Der Graue Kapitalmarkt ist, entgegen der mit der Farbe Grau verbundenen Assoziationen, keineswegs durchgängig von Nüchternheit, Sachlichkeit oder auch nebliger Undurchsichtigkeit geprägt. Bei näherer Betrachtung wirkt er eher wie ein schillernder Regenbogen: Solide mittelständische Industrieunternehmen finanzieren sich über den Grauen Kapitalmarkt, innovative Start-up-Unternehmen versorgen sich dort mit Gründungskapital und das Kapital für die Energiewende wird teilweise ebenfalls auf dem Grauen Kapitalmarkt eingeworben.

Gleichzeitig tummeln sich in diesem Marktsegment aber auch Anbieter, die aus unterschiedlichen Motiven mit Hilfe immer neuer Konstruktionen die Erlaubnispflicht für bestimmte Geschäfte zu umgehen versuchen. Kleine und mittlere Anbieter wollen oft lediglich die Kosten vermeiden, die mit der Beaufsichtigung verbunden sind. Es gibt aber auch missbräuchliche Geschäftsmodelle, bei denen die Anbieter gezielt Gestaltungen und Vertriebsmethoden wählen, um ohne Erlaubnis- oder Prospektpflicht an das Kapital unerfahrener Kleinanleger zu gelangen und zu ihrem Vorteil in hochriskante Geschäfte zu reinvestieren. Derartige Angebote zielen häufig auf das Kapital ab, das in klassischen Vermögensanlagen wie Lebensversicherungen gebunden ist, das die Kunden also Unternehmen anvertraut haben, die unter der Solvenzaufsicht der BaFin stehen (siehe BaFinJournal Dezember 2013, Beitrag „Kauf gebrauchter Lebensversicherungen“).

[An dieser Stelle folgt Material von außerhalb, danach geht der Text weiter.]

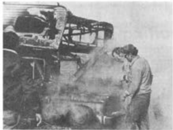
Figure 63 Truck and camper fire

Firemen were taught how to remove the wreckage from the victim and not the victim from the wreckage. Spinal immobilization was also taught. Lehi firemen Grant Smith and Ned Wilson inspect the cause of the fire that destroyed this truck and camper. A suspected gas leak was the cause of the fire. The fire occurred as the family was on their way to Delta for the Holidays. Figure 63.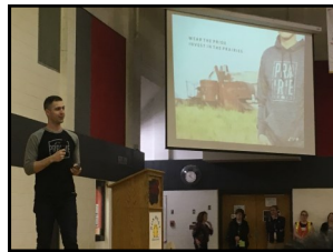
Above: Entrepreneurial focused Keynote Address with PRAIRIE PROUD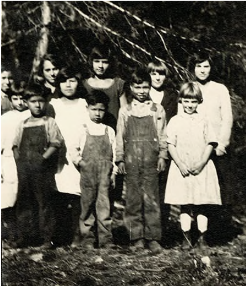
Students, 1929.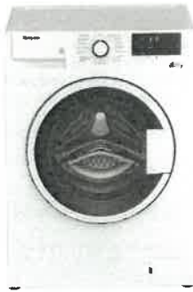
24" Washer WM7200WW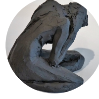
August 2018 The Human Form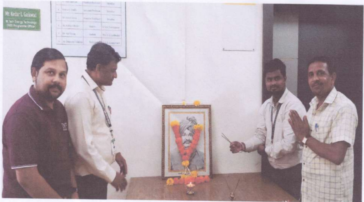
Rajarshi Shahu Maharaj Jayanti Celebrations

Dr. D. Y. Patil Pratishthan's College of Engineering, Salokhe Nagar, Kolhapur.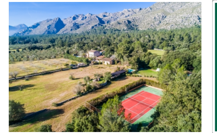
Pollensa search for property MAL-117449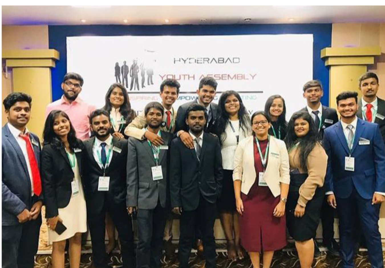
Team HYA 2019-2020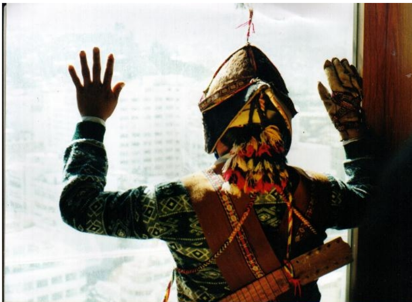
Sayari, Bolivia, 1993.

1993. The ritual of Fertility in the feast of Tinku, Bolivian Andes, where warriors simulate war through individual fights, often leaving one of them dead. Event filmed during preparation and actual ritual in two communities of the Macha area in the Andes, Quechua speaking areas.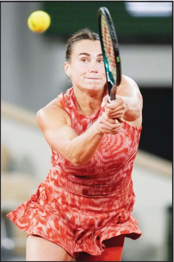
Aryna Sabalenka of Belarus plays a shot against Spain's Paula Badosa during their third round match of the French Open tennis tournament at the Roland Garros stadium in Paris.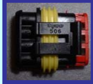
TYCO/AMP P/N 282088-1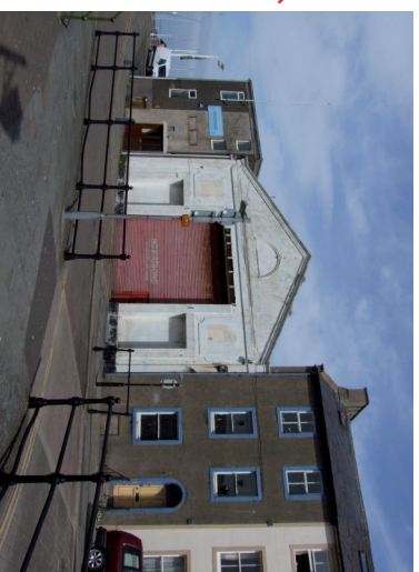
View of Buildings E, F and G from south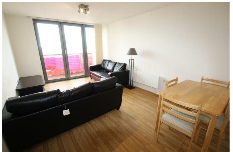
LIVING SPACE VIEW

Die Anbieter von Anlageangeboten bezeichnen die von ihnen konzipierten Modelle häufig als Produkte. Aus Sicht des Vertriebs mag das eine zutreffende und wünschenswerte Umschreibung für ein Konzept zur Kapitaleinwerbung sein. Dem Anleger muss dagegen stets klar sein, dass er mit der Zeichnung einer nicht verbrieften Vermögensanlage kein bestehendes Produkt erwirbt, das bereits einen eigenen Wert hat, sondern sich - im Gegenteil - zunächst nur verpflichtet, Teile seines Vermögens einem Dritten zukommen oder von einem Dritten verwalten zu lassen. Im Gegenzug erhält er ein Renditeversprechen des Anbieters, das dieser später einzulösen hat. Daher ist Vertrauen ein zentraler Pfeiler gerade auch des Grauen Kapitalmarkts.

Markt für Risikokapital

Bei aller Vielgestaltigkeit der Angebote auf dem Grauen Kapitalmarkt haben sie doch miteinander gemeinsam, dass es sich um Risikokapitalanlagen handelt, die nicht in Wertpapieren verbrieft sind. Die Zuordnung eines Anlageangebotes zum Grauen oder Weißen Kapitalmarkt lässt für den Anleger noch keinen Rückschluss auf das Risiko zu, das mit einer Anlage verbunden ist.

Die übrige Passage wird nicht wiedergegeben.